PROMPT:
Please return each entry exactly as it appears, but not the pictures.

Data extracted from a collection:
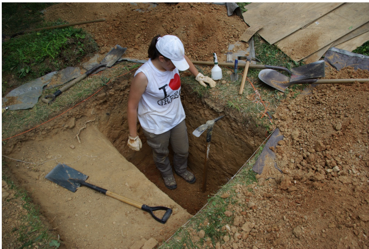
Plate 10. Deep digging along the east edge of Fort Ward.
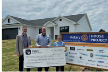
Proudly built in the Valley
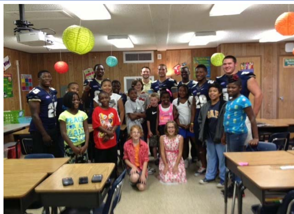
Charleston Southern University players read with our students
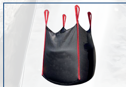
Big Bag Geo-Textile fabric 190 gr/sqm
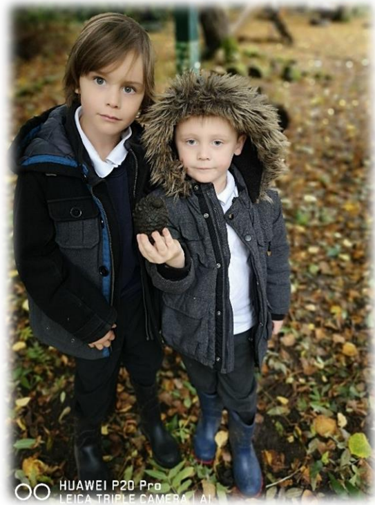
○ ○ HUAWEI P20 Pro LEICA TRIPLE CAMERA | AI

EXERCISE RESPONSE:
Plate 10. Deep digging along the east edge of Fort Ward.
Proudly built in the Valley
Charleston Southern University players read with our students
Big Bag Geo-Textile fabric 190 gr/sqm
○ ○ HUAWEI P20 Pro LEICA TRIPLE CAMERA | AI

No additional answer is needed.